Однажды мы ходили к мессе, а Доннелли стояли за нами, и отец Молони говорит:
– Можно садиться.
Мы стали подниматься с колен, а дядя Эдди говорит:
– Славно, славно.
Синдбад как рассмеется. Я посмотрел на папу, чтобы убедиться, что он не подумал на меня.
В амбаре можно было лазать по сену. Мы прыгали с одной копны на другую, и ни разу никто не ушибся, так здорово. Лиам с Эйданом говорили, что у брата их мамани, у дяди Мика, есть такой же амбар, ничуть не хуже амбара Доннелли.
– Где? – спросил я.
Они как будто не поняли.
– Где амбар-то?
– В деревне.
Мы видели мышей. Я-то не видел, только слышал, но все равно говорил, что видел. Кевин видел много мышей. Зато я видел раздавленную крысу со следами шин на спине. Мы пытались ее поджечь, но не вышло.

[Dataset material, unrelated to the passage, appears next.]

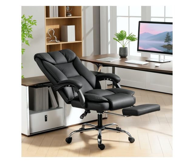 Dönthető irodai szék lábtartóval, dupla párnázással és műbőr kárpitozással, fekete
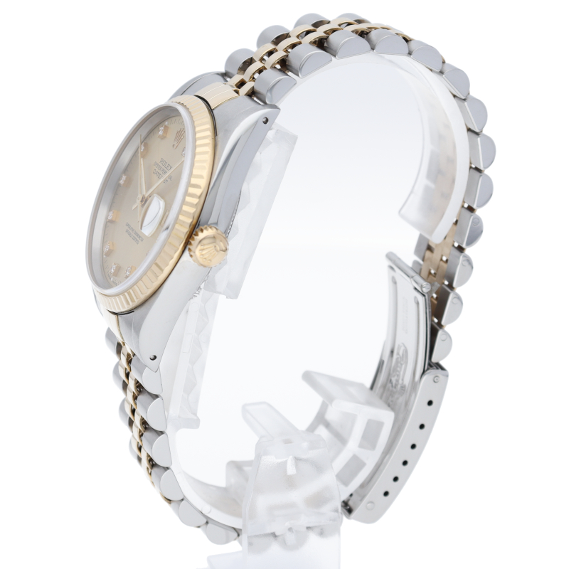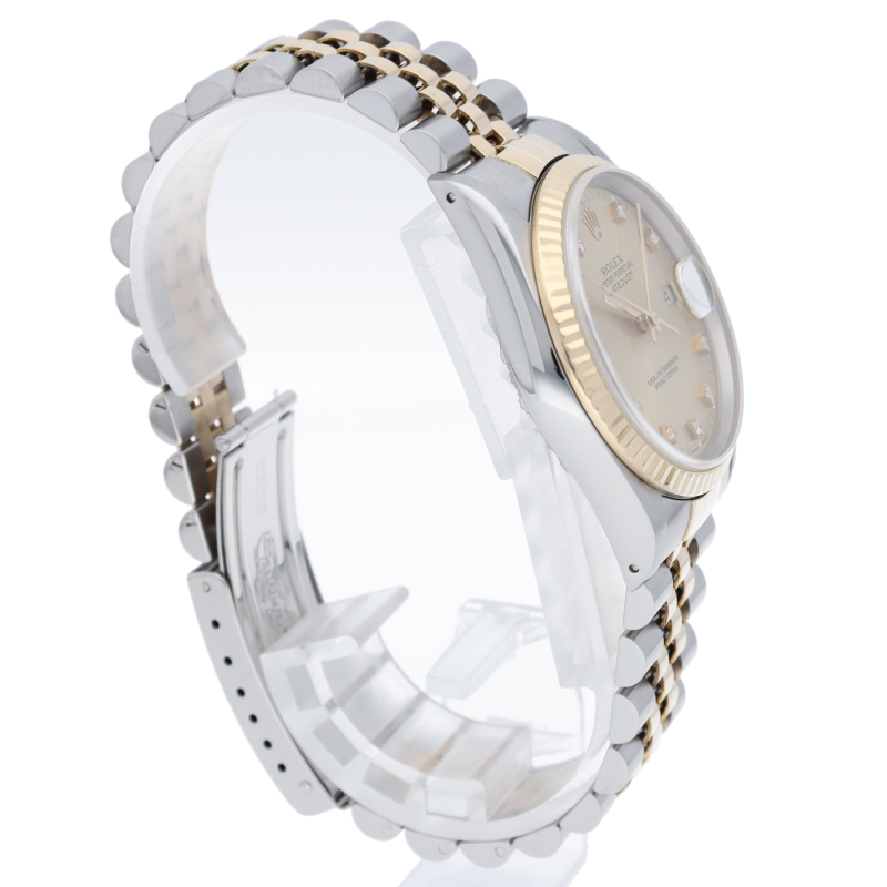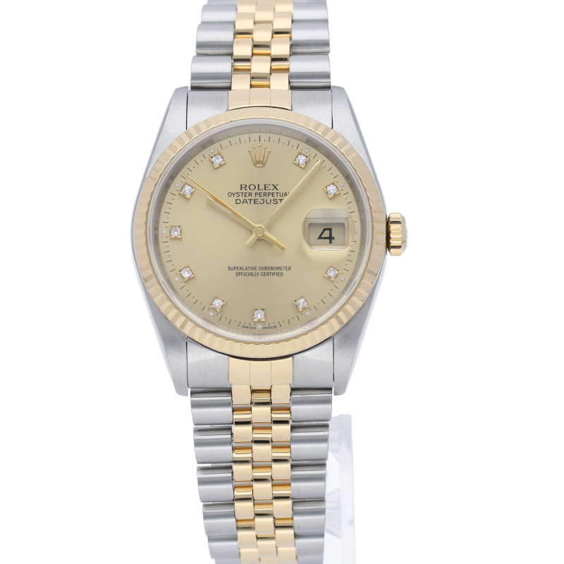 ロレックスのドレスウォッチで幅広い年齢層に愛されている「デイトジャスト」。イエローゴールドとステンレスのコンビ仕様に10Pダイヤが施されております。

Однажды мы сидели под самой крышей, а тут зашел дядя Эдди. Он не знал, что мы внутри. Мы задержали дыхание. Дядя Эдди огляделся и вышел. Через открытую дверь падал солнечный свет. Это был тяжелая раздвижная дверь из гофрированного железа. Весь амбар был из гофрированного железа. Мы сидели так высоко, что доставали руками до крыши.
Вокруг амбара вырастали скелеты домов. Дорогу расширяли, и около побережья громоздились пирамиды труб. Дорога будет вести прямо в аэропорт. Кевинова сестрица Филомена однажды сказала, что амбар похож на отца всех домов, который за ними присматривает. Мы ответили, что ей, Филомене, пора в психушку сдаться добровольно, но амбар и правда был похож на отца всех новых домов.
Из города примчались три пожарных бригады, но с огнем не справились. Вдоль дороги неслись потоки воды. Случилось все ночью. На следующее утро мы проснулись, пожар уже кончился, но мама не пустила нас посмотреть, и следила, чтобы мы не удрали. Я залез на яблоню, только мало высмотрел. Яблонька была хилая, яблоки росли на ней паршивые, а листьев зато пропасть.
Пошел слух, что неподалеку от амбара нашли коробок спичек. Мамке об этом рассказала миссис Паркер, которая жила в коттедже. А мистер Паркер работал трактористом у Доннелли. Каждую субботу он ходил с дядей Эдди в кино.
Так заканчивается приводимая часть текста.